— WORK INSTRUCTIONS —
Repeat every record below exactly, omitting any pictures.
[[ MATERIAL FOR THE TASK, beginning ]]
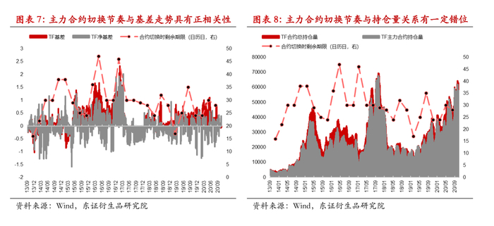 国债期货主力合约切换时点有一定的规律,我们按照持仓量最大的原则定义期债主力合约切换时间,其一般在距到期20-50日波动。主力合约的切换与基差走势呈现一定的正相关,其背后的原因可能是,国债期货的主力资金是机构套保参与资金,当季合约贴水较大时空头主导移仓,相应的基于持仓量计算的主力合约发生较早地切换;当季合约贴水较小甚至为升水,空头可以等待基差到期进一步收敛再进行移仓。
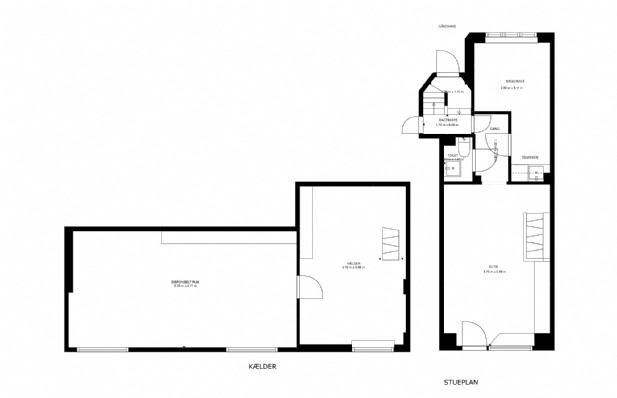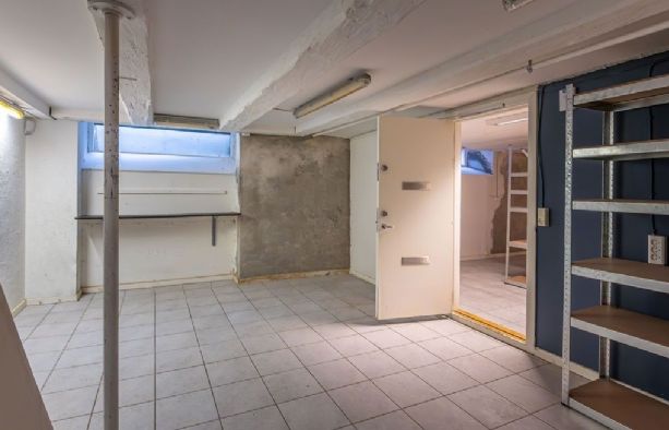 Kælderen består af to store, regulære rum med flisegulv, som giver mange indretningsmuligheder.
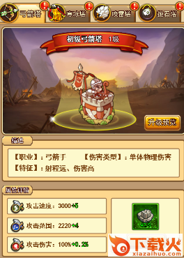 弓箭塔:【特征】射程远、伤害高,【伤害类型】单体物理伤害
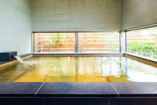 敷地内で湧出する温泉は、女性に人気の低張性弱アルカリ性高温泉。大浴場のほか、つぼ湯や畳敷きひのき風呂、岩盤浴付き風呂と個性豊かな3つの貸切風呂でも楽しめます。大浴場にはサウナも完備されているうえ、露天風呂付きVIPテントも。
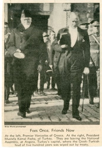 Ελευθέριος Βενιζέλος και Μουσταφά Κεμάλ στην Άγκυρα το 1930. Δωρεά Σοφοκλή Βενιζέλου (Ιστορικά Αρχεία Μουσείου Μπενάκη)
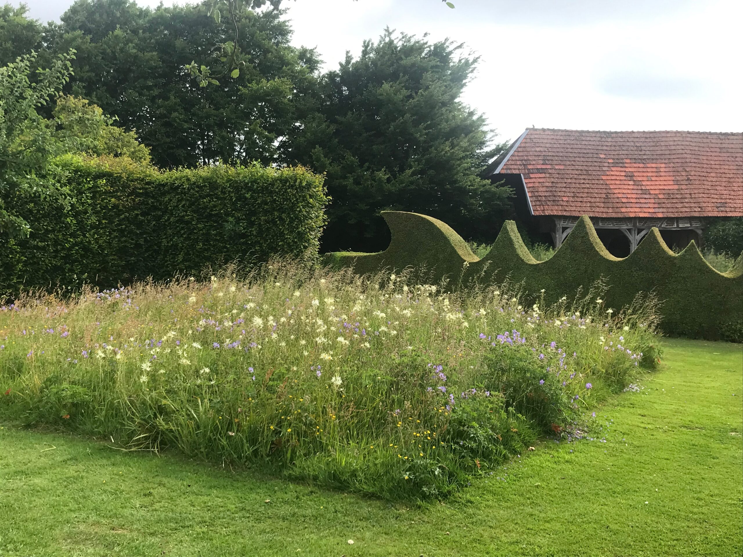 Pour le structurer, des axes ont été tracés est-ouest et nord-sud autour desquels s’organisent en damiers de larges chemins tondus. Un grand et simple bassin miroir carré, sans plantes, posé à fleur de pelouse a été creusé dans l’axe central. Les « carrés » non tondus issus du dessin ont conservé leur végétation indigène faite de boutons d’or, de trèfles roses et blanc, de petite oseille, de graminées. Puis afin d’augmenter cette diversité, ont été plantés des bulbes de camassias, de narcisses, de perce-neiges, d’ails d’ornement, de fritillaires… puis a commencé un programme de réimplantation de plantes indigènes poussant au bord des routes : succises des prés (Succisa pratensis), sauges (Salvia pratensis), bétoines (Stachys offinalis), primevères (Primula verris), compagnons roses et blancs, campanules (Campanula rapunculus), géranium des prés (Geranium pratense), rhinanthes (Rhinanthus alectotolophus). Ces carrés sont fauchés une fois l’an vers la mi-octobre, débarrassés de leurs chaumes et débris et tondus très ras avant l’hiver.
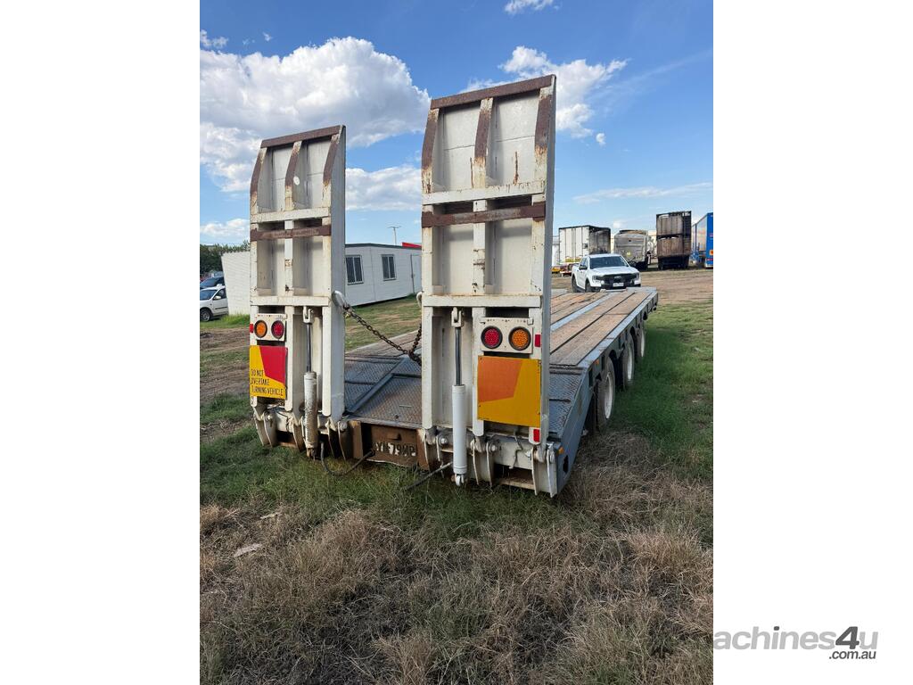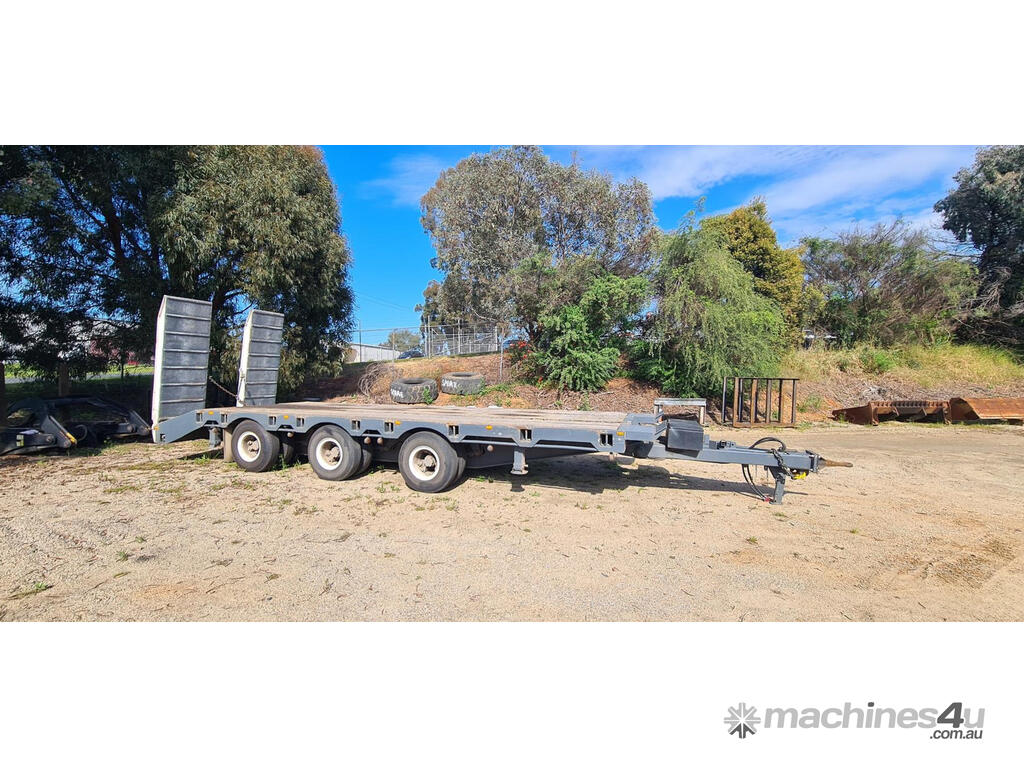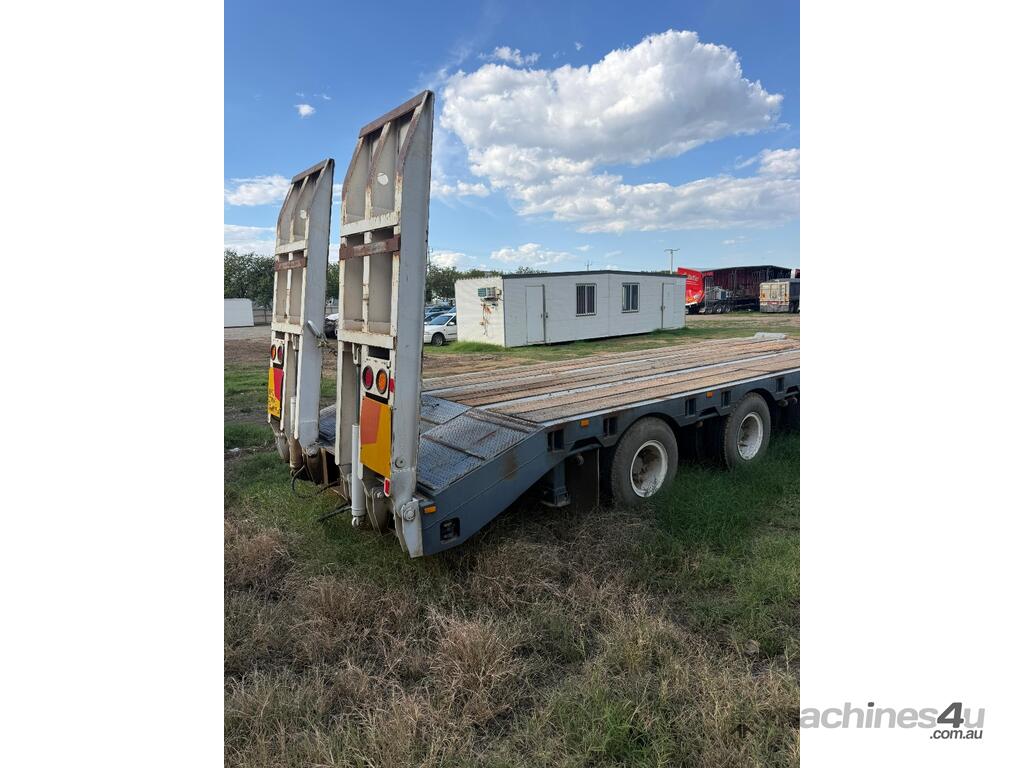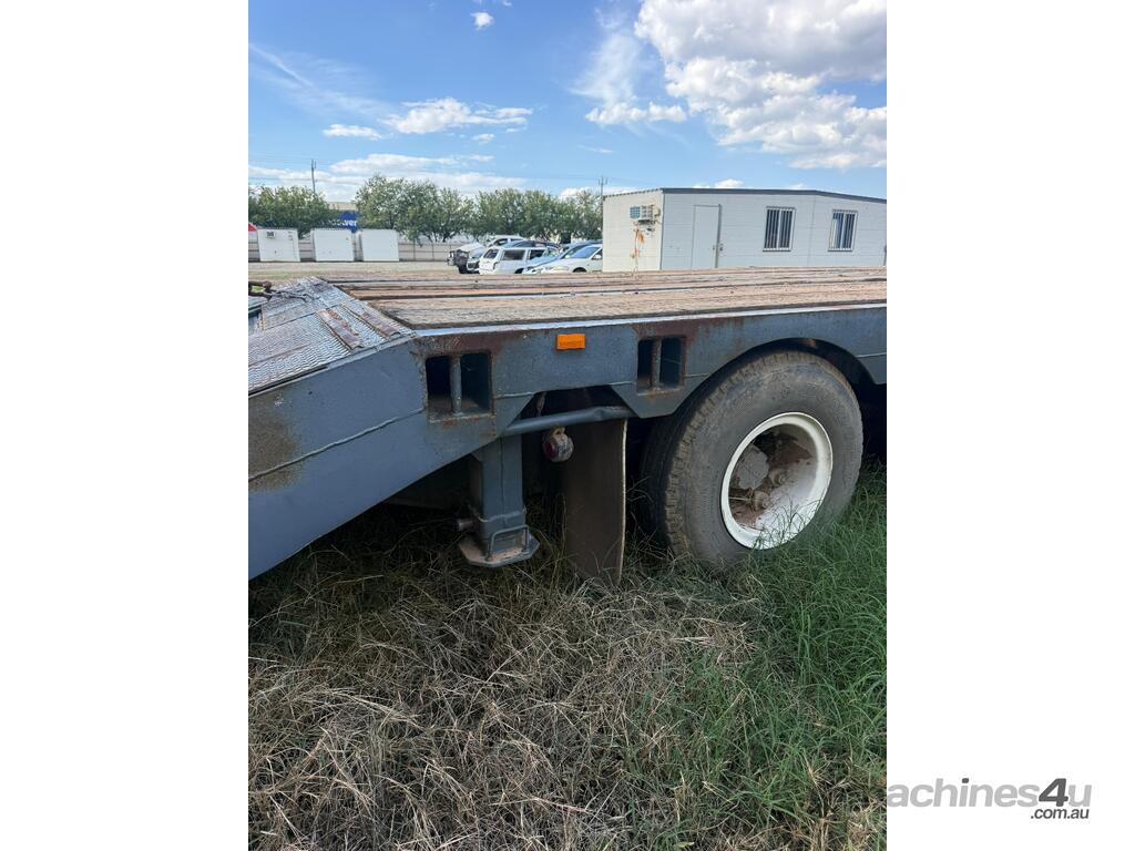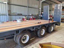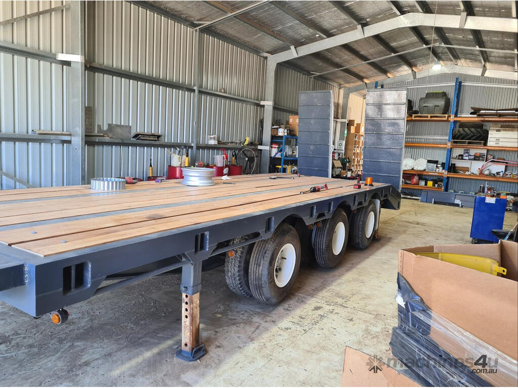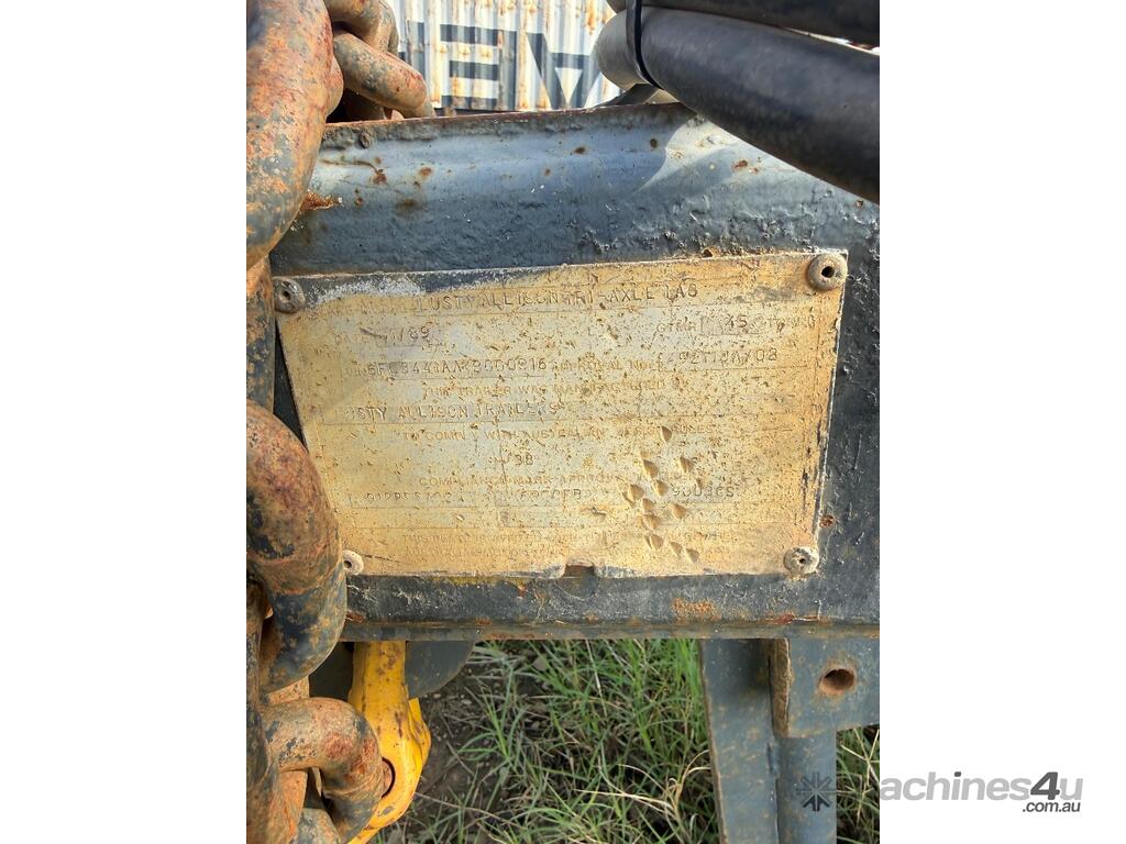 USED 1989 LUSTY TRI-AXLE PLANT TRAILER WITH RING FEDER HITCH, TIMBER DECKING, SOLID CHAIN POINTS IN COMBING RAILS, HYDRAULIC RAMPS, LOW DECK HEIGHT FOR EASY LOADING, VERY STRONG TRAILER. 45,000kg ATM RATED
[[ MATERIAL FOR THE TASK, end ]]
— THE COMPLETED TASK —
 国债期货主力合约切换时点有一定的规律,我们按照持仓量最大的原则定义期债主力合约切换时间,其一般在距到期20-50日波动。主力合约的切换与基差走势呈现一定的正相关,其背后的原因可能是,国债期货的主力资金是机构套保参与资金,当季合约贴水较大时空头主导移仓,相应的基于持仓量计算的主力合约发生较早地切换;当季合约贴水较小甚至为升水,空头可以等待基差到期进一步收敛再进行移仓。
 Kælderen består af to store, regulære rum med flisegulv, som giver mange indretningsmuligheder.
 弓箭塔:【特征】射程远、伤害高,【伤害类型】单体物理伤害
 敷地内で湧出する温泉は、女性に人気の低張性弱アルカリ性高温泉。大浴場のほか、つぼ湯や畳敷きひのき風呂、岩盤浴付き風呂と個性豊かな3つの貸切風呂でも楽しめます。大浴場にはサウナも完備されているうえ、露天風呂付きVIPテントも。
 Ελευθέριος Βενιζέλος και Μουσταφά Κεμάλ στην Άγκυρα το 1930. Δωρεά Σοφοκλή Βενιζέλου (Ιστορικά Αρχεία Μουσείου Μπενάκη)
 Pour le structurer, des axes ont été tracés est-ouest et nord-sud autour desquels s’organisent en damiers de larges chemins tondus. Un grand et simple bassin miroir carré, sans plantes, posé à fleur de pelouse a été creusé dans l’axe central. Les « carrés » non tondus issus du dessin ont conservé leur végétation indigène faite de boutons d’or, de trèfles roses et blanc, de petite oseille, de graminées. Puis afin d’augmenter cette diversité, ont été plantés des bulbes de camassias, de narcisses, de perce-neiges, d’ails d’ornement, de fritillaires… puis a commencé un programme de réimplantation de plantes indigènes poussant au bord des routes : succises des prés (Succisa pratensis), sauges (Salvia pratensis), bétoines (Stachys offinalis), primevères (Primula verris), compagnons roses et blancs, campanules (Campanula rapunculus), géranium des prés (Geranium pratense), rhinanthes (Rhinanthus alectotolophus). Ces carrés sont fauchés une fois l’an vers la mi-octobre, débarrassés de leurs chaumes et débris et tondus très ras avant l’hiver.
 USED 1989 LUSTY TRI-AXLE PLANT TRAILER WITH RING FEDER HITCH, TIMBER DECKING, SOLID CHAIN POINTS IN COMBING RAILS, HYDRAULIC RAMPS, LOW DECK HEIGHT FOR EASY LOADING, VERY STRONG TRAILER. 45,000kg ATM RATED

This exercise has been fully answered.